Your assignment: For the entries below, repeat exactly each line starting with the one that contains "காவிரி ஆற்றின் கடைசி" and going on through the one that contains "Incredible and rare", and no others.

Data records:

▼

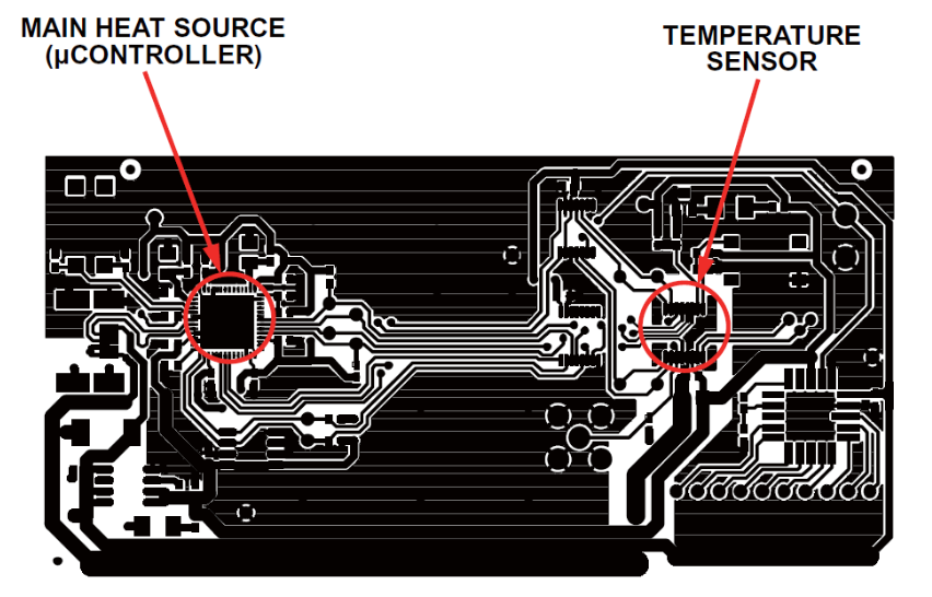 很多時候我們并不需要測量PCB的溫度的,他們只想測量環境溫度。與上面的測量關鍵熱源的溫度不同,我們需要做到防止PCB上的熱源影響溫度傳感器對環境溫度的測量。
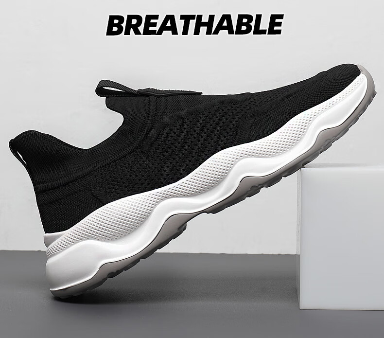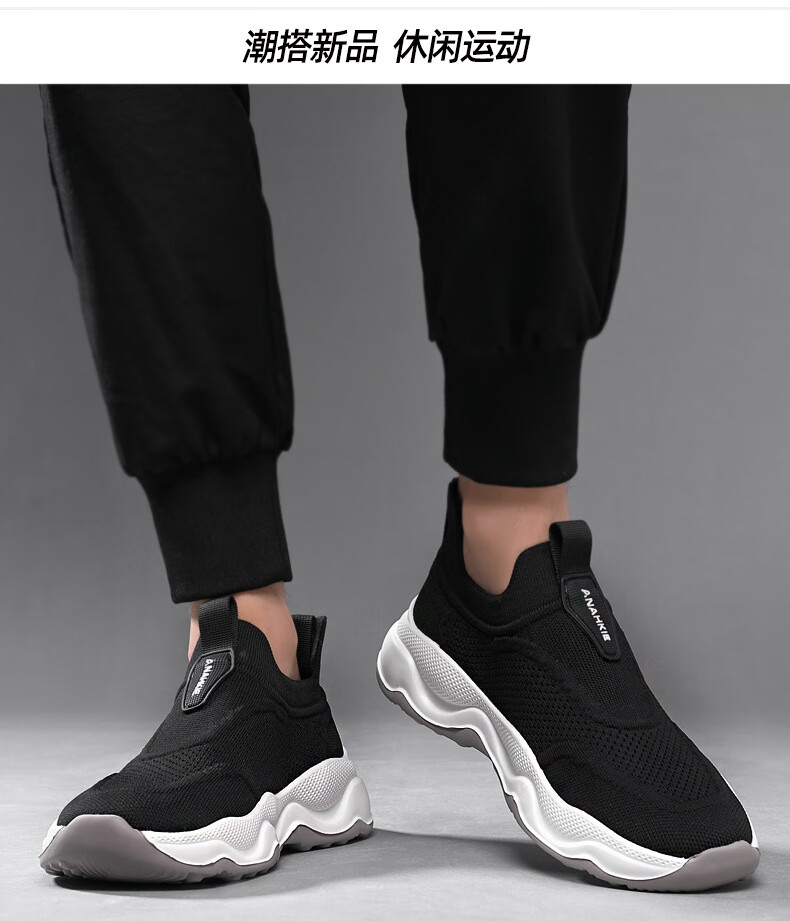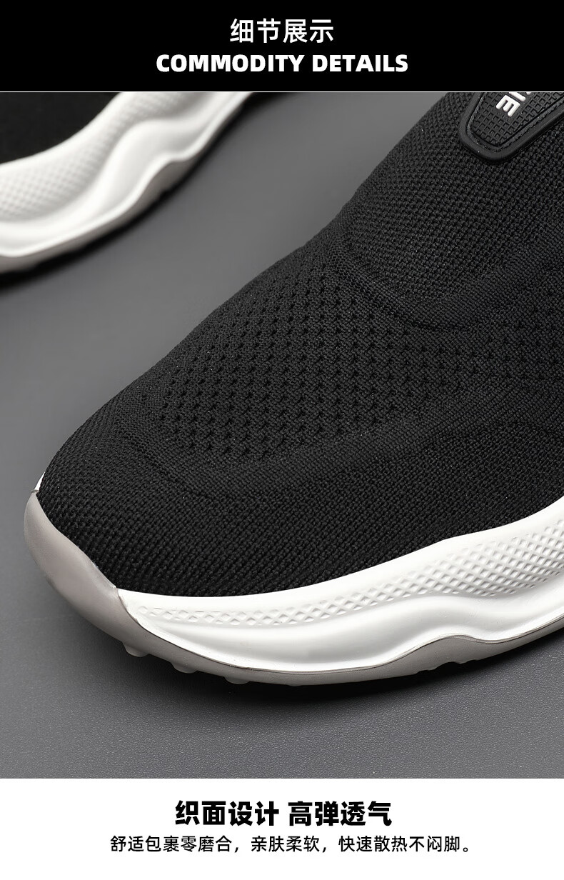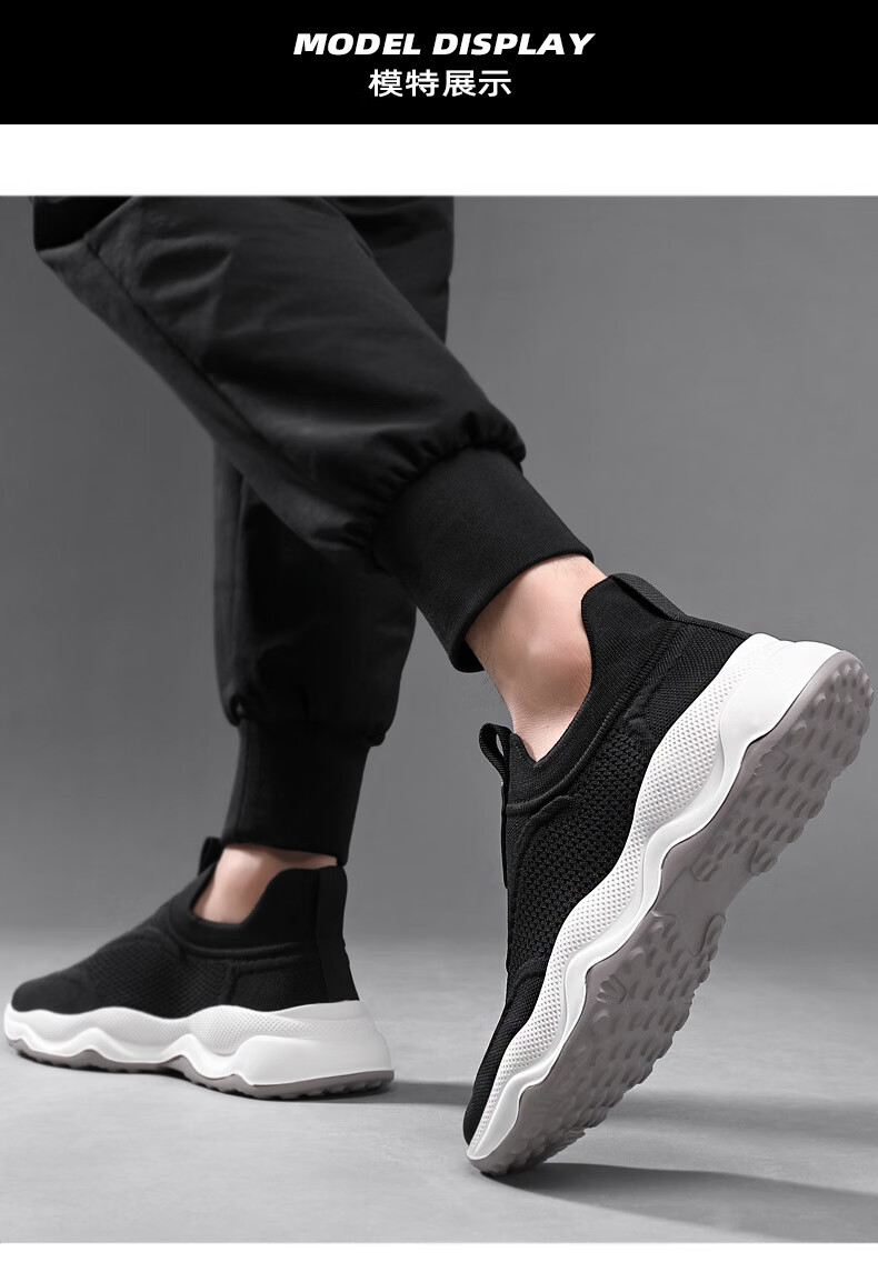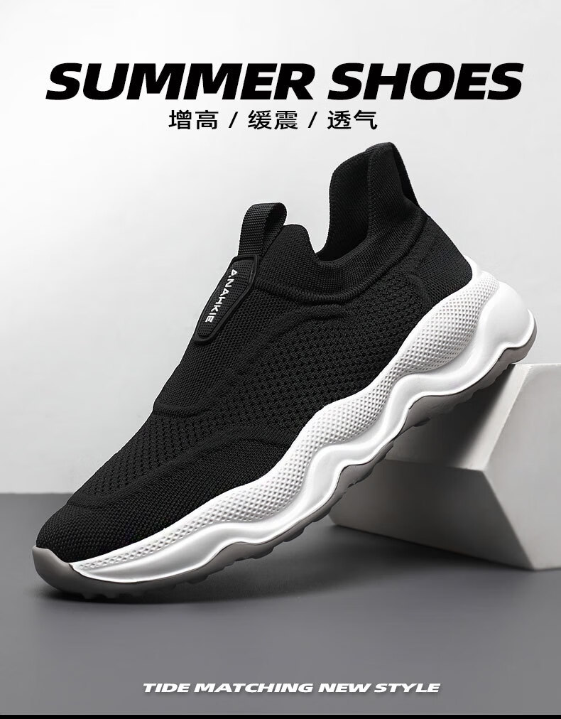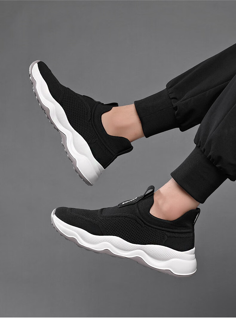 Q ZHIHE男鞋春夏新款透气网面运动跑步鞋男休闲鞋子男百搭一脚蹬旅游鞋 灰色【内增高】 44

▲
▼

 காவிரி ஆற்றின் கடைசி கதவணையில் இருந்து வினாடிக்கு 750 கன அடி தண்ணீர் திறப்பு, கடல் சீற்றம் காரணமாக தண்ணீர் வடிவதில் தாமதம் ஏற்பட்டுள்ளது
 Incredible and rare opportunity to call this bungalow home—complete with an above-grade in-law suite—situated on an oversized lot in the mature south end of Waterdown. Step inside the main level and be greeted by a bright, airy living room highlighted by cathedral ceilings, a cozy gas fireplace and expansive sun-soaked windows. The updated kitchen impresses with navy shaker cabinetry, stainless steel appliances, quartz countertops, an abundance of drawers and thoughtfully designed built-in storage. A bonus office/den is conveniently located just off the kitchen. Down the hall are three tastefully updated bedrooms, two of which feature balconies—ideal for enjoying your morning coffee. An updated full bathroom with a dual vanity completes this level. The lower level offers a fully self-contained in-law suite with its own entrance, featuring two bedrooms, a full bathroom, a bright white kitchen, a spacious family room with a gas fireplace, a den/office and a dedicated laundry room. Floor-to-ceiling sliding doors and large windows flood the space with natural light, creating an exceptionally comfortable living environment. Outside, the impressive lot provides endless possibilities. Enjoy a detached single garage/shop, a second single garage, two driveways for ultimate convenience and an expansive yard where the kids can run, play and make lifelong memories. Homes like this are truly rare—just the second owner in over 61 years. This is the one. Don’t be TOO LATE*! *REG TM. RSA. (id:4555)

▲

Written answer:
 காவிரி ஆற்றின் கடைசி கதவணையில் இருந்து வினாடிக்கு 750 கன அடி தண்ணீர் திறப்பு, கடல் சீற்றம் காரணமாக தண்ணீர் வடிவதில் தாமதம் ஏற்பட்டுள்ளது
 Incredible and rare opportunity to call this bungalow home—complete with an above-grade in-law suite—situated on an oversized lot in the mature south end of Waterdown. Step inside the main level and be greeted by a bright, airy living room highlighted by cathedral ceilings, a cozy gas fireplace and expansive sun-soaked windows. The updated kitchen impresses with navy shaker cabinetry, stainless steel appliances, quartz countertops, an abundance of drawers and thoughtfully designed built-in storage. A bonus office/den is conveniently located just off the kitchen. Down the hall are three tastefully updated bedrooms, two of which feature balconies—ideal for enjoying your morning coffee. An updated full bathroom with a dual vanity completes this level. The lower level offers a fully self-contained in-law suite with its own entrance, featuring two bedrooms, a full bathroom, a bright white kitchen, a spacious family room with a gas fireplace, a den/office and a dedicated laundry room. Floor-to-ceiling sliding doors and large windows flood the space with natural light, creating an exceptionally comfortable living environment. Outside, the impressive lot provides endless possibilities. Enjoy a detached single garage/shop, a second single garage, two driveways for ultimate convenience and an expansive yard where the kids can run, play and make lifelong memories. Homes like this are truly rare—just the second owner in over 61 years. This is the one. Don’t be TOO LATE*! *REG TM. RSA. (id:4555)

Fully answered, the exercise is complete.